Lean back and let AI draft your ticket requirements

What happens if you capture an idea in 30 seconds, then let an AI agent turn it into a full implementation-ready ticket? We tried it, and this is what happened.
On Wednesday, we ran the first on-court trial of our "padel scoring" prototype for Android and iOS. The goal was narrow: verify the racket-detection point-scoring mechanism in real play.

Screenshot from our in-office racket detection trial run. Keep the racket in view for a brief moment, and a point is awarded to your selected team.
The app is a practical match companion: you record each point by briefly waving your racket in front of the camera. That gives you live match tracking (like any digital scoreboard), plus in-depth post-match analysis and an AI-generated match summary.
Before the first serve, we needed to agree on game-ending behavior after deuce. If you have ever played padel, you know there are two common options: Advantage or Golden Point.
One of our friends immediately suggested: "...let's use the new Star Point rule!"
I had to admit we did not support it yet, so we played with regular advantage scoring, finished the match, and moved on.
Later, that gap stuck with me.
A 30-second capture from my phone
Friday evening, while watching the Olympics, I opened the GitHub mobile app and dropped in a one-line issue so the idea would not disappear:
Enable "Star point" as a game ending system
No detailed requirements. No architecture notes. Just a headline.
A minute later, I added one source link for context, the original explainer from Padel Addict: What is the star point? This is Premier Padel's new scoring system.

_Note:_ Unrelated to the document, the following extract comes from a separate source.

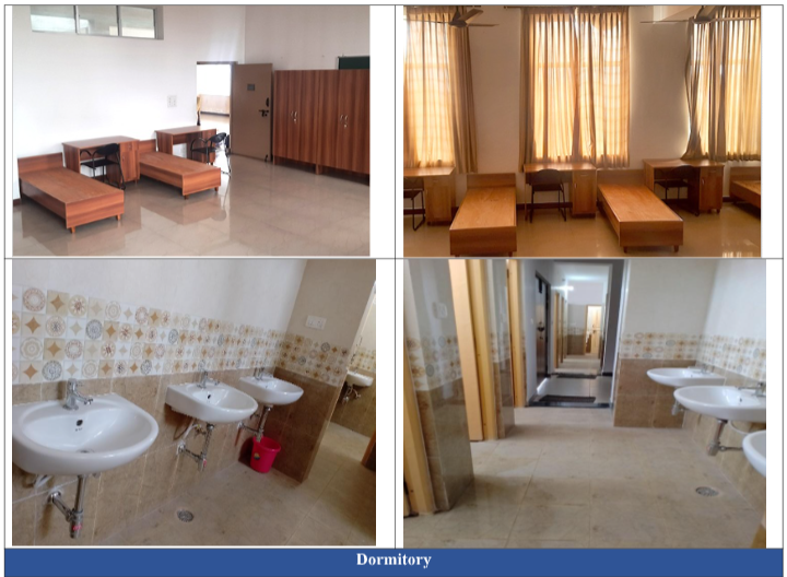 DORMITORY: 5 and 7 sharing rooms with individual wardrobe, study table, chair and cot are provided. A common bath and washroom facility with hot water, lift, 24×7 power backup and security is provided.

Final mobile issue state: still intentionally short, but now anchored by one trusted reference the agent could use to build an implementation-ready spec.
I already knew how our existing Advantage and Golden Point behavior was implemented, and both paths were covered by unit tests.
Even then, if I had implemented Star Point manually, I would have needed to thread it cleanly through scoring transitions, selectors, readout behavior, and persistence assumptions without breaking current game modes. That is exactly the kind of change that looks small in a sentence but can get subtle fast.
The next day, I decided to give my brief ticket directly to the agent to elaborate.
The ticket rewrite that made review easy
I asked Codex to rewrite the issue so anyone could implement it safely:

The prompt was simple: rewrite the ticket with implementation detail, tests, and codebase-aware notes.
In about 12 minutes, a lightweight note became an implementation-ready specification.
The rewritten ticket did not just add words. It provided an engineering brief I could verify quickly:
- A clear scope summary with explicit out-of-scope boundaries.
- A formal Star Point rule definition with authoritative source references.
- A codebase-aware map of likely Flutter touchpoints.
- Concrete implementation requirements, including highlighted runtime risk.
- A test and acceptance plan spanning scoring logic, selectors, readout, and persistence.
The critical part was the explicit Star Point logic breakdown. It made review dead simple: I could validate behavior and constraints instead of spending time inventing structure.

A compact Star Point logic summary from the rewritten issue, structured so each rule could be verified against expected scoring behavior.
The setup behind the speed
That ticket quality was not luck. A 30-second capture became a full implementation-ready spec in under 15 minutes through autonomous and asynchronous agent work. The setup below made that possible:
- I work in the ChatGPT Codex macOS app, so my agent can operate across multiple projects.
- I've configured a global skill with a personal access token, so my agent can create, review, and update GitHub issues autonomously.
- I capture raw ideas quickly in the GitHub mobile app.
- I've given the agent extended web access for source validation.
- My agent already has full codebase access, so requirements stay grounded in real implementation details.
From spec to merged PR
The implementation handoff was intentionally minimal:
"Implement this according to spec." (providing only the ticket url as additional input)
I gave that prompt to another agent in a fresh session. It read the ticket end-to-end and picked up implementation directly, without any prior prompting or historical context. The resulting PR covered scoring model updates, selector and UI wiring, readout changes, schema and contract updates, and tests.
For small rules-heavy changes in this app, the strongest signal was this: a fresh session could implement from spec and still ship cleanly.
The workflow we kept
For this class of change, this is currently our default loop.
- Capture the idea immediately, even if it is only a headline.
- Anchor it with one trusted reference (rule source, explainer, or spec doc).
- Ask the agent to produce implementation-ready requirements grounded in code and sources.
- Review and tighten the ticket like a technical spec (scope, risks, tests, out-of-scope).
- Implement against that spec with minimal back-and-forth.
That shifts human effort away from drafting and toward decisions, validation, and shipping.
The takeaway
I used to assume good tickets required uninterrupted desk time. In this workflow, that assumption broke. The bottleneck moved from drafting to review decisions and release quality.
Lean back, and let agents handle first-pass ticket drafting, and keep humans on constraints, trade-offs, and sign-off.
What changed for us was not coding speed, it was decision latency. Once the spec is concrete, implementation becomes interchangeable; until then, no model helps much.